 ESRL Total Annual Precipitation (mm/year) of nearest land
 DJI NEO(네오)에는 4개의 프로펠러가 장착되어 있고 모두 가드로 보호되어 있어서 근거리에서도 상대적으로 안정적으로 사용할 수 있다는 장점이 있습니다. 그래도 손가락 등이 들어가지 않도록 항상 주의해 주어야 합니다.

---

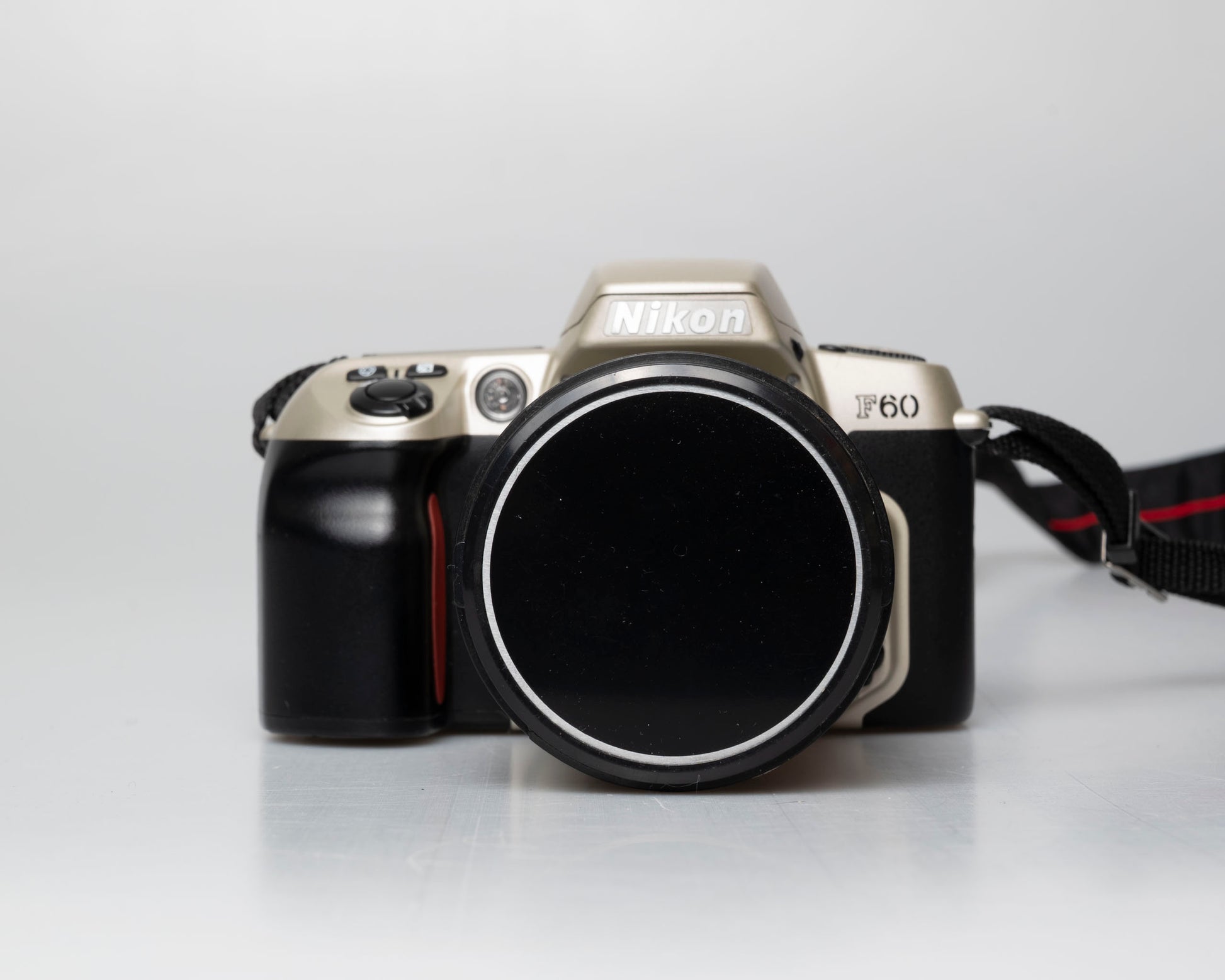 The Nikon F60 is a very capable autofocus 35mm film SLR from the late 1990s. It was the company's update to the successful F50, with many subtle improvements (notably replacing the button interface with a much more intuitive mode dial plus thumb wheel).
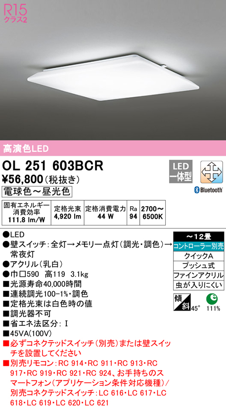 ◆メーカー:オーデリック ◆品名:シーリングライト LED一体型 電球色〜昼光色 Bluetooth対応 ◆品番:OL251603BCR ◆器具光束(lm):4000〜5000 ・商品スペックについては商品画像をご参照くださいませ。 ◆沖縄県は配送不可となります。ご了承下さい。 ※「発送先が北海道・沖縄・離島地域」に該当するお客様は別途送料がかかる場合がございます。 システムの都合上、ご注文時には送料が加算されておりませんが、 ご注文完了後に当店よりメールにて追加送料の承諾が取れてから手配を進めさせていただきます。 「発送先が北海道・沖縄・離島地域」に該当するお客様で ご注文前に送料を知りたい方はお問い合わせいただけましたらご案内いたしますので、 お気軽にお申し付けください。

--- BRIEF ---
Set down exactly the lines of the data above, beginning with the line that has "ESRL Total Annual" and ending with the line that has "DJI NEO(네오)에는 4개의", and no others.

--- REPLY ---
 ESRL Total Annual Precipitation (mm/year) of nearest land
 DJI NEO(네오)에는 4개의 프로펠러가 장착되어 있고 모두 가드로 보호되어 있어서 근거리에서도 상대적으로 안정적으로 사용할 수 있다는 장점이 있습니다. 그래도 손가락 등이 들어가지 않도록 항상 주의해 주어야 합니다.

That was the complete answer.